Кивок, улыбка, вежливое подталкивание к выходу.
– Она очень… горная.
Кивок, смех.
– Это не снег на вершине, правда…
– Брута!
Его голова судорожно дернулась. Но голос шел изнутри.
– Только не это, – жалобно подумал он. Он сунул маленькую гору обратно в руки Лу-Цзе.
– Э… Сохранишь ее для меня?
– Брута!
– Все это сон, ведь правда? Все, что было до того, как я был важным и со мной говорили дьяконы?
– Нет! Спасите!
– Не знак ли это? – сказал старик с деревянной ногой.
– Да! Знак! – сказала молодая женщина возле него.
– Знак!
Они столпились вокруг статуи.
– Сукин сын это, – сказал тихий и совершено неслышный голос откуда-то около их ног.
– Но знак чего? – сказал пожилой человек, стоявший лагерем на этой площади уже три дня кряду.
– Как это «чего»? Это знак! – сказал одноногий. – Он не обязан быть знаком чего-то. Это очень подозрительный вопрос, «чего».
– Он должен быть знаком чего-то, – сказал пожилой. – Это относительное указательное. Родительный падеж. Знаком падежа.
Тощая фигура, двигавшаяся тихо, но удивительно быстро, появилась около группы. На ней была джелиба, какую носят жители пустыни, а на шее на ремешке висел поднос. На нем было нечто, содержащее зловещий намек на липкие сладости, покрытые песком.
– Он может быть посланцем самого Великого Бога, – сказала женщина.
– Это всего лишь проклятый орел и ничего больше, – сказал вышеупомянутый голос откуда-то из орнаментального бронзового человекоубийства на цоколе статуи.

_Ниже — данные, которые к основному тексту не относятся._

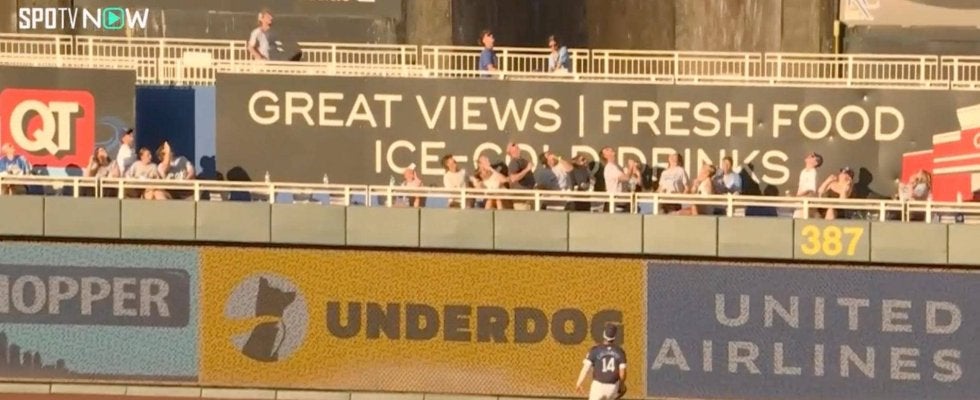 2試合連続となる第29号の特大ホームランに、確信したのは外野手も同じだった。この試合でライトを守っていたカグリオンは、打球を見上げながら定位置から追いかけたが、ウォーニングゾーン手前でスピードを緩め"諦めモード"に。この時点ですでにスタンドインを確信していたかのようだった。直後、ボールがスタンドに入ったのを確認すると、フェンス下部を軽く蹴り上げ、「ちぇっ」とでも言いたげな様子で踵を返した。

– Финики? Фиги? Шербет? Святые реликвии? Очаровательные свежие индульгенции? Ящерицы? Посохи? – с надеждой сказал человек с подносом.
– Ха! – сказал неслышимый голос черепахи.

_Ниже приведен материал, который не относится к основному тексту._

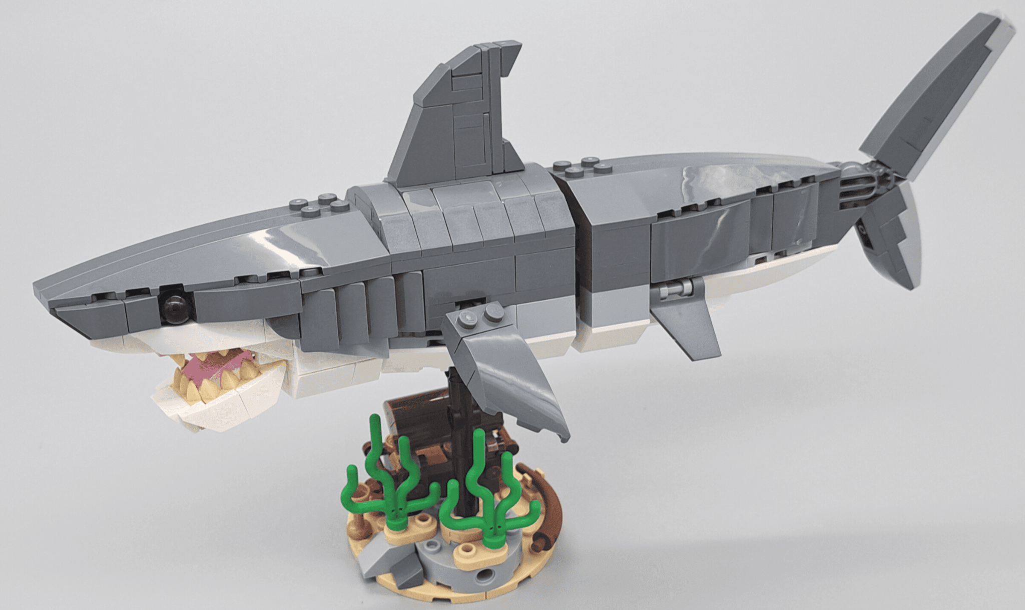 Het hoogtepunt en de focus van de set stel niet teleur. De haai is samengesteld met een mooie selectie aan onderdelen en komt hierdoor erg realistisch over. Om alle vormen te behalen worden een aantal leuke technieken bovengehaald. Een rij Cheese Slopes stellen de kieuwen voor, dat erg goed bedacht is.

– Мне всегда было интересно, – сказал молодой послушник позади толпы.
– Лебеди… Знаете? Им слегка не хватает мужественности, правда?
– А чтоб ты окаменел за такое богохульство! – горячо произнесла женщина. – Великий Бог слышит каждое оброненное тобой слово.
– Ха! – из-под статуи.
И человек с подносом просочился еще немного вперед, говоря:
– Клатчанское наслаждение? Осы в меду? Разбирайте, пока холодные!
– Пожалуй, в этом есть смысл, – сказал пожилой каким-то утомляющим, нескончаемым голосом. – Имею в виду, в орле есть что-то очень божественное. Царь птиц, я прав?
– Всего-то красивый индюк, – сказал голос из-под статуи. – Мозг с грецкий орех.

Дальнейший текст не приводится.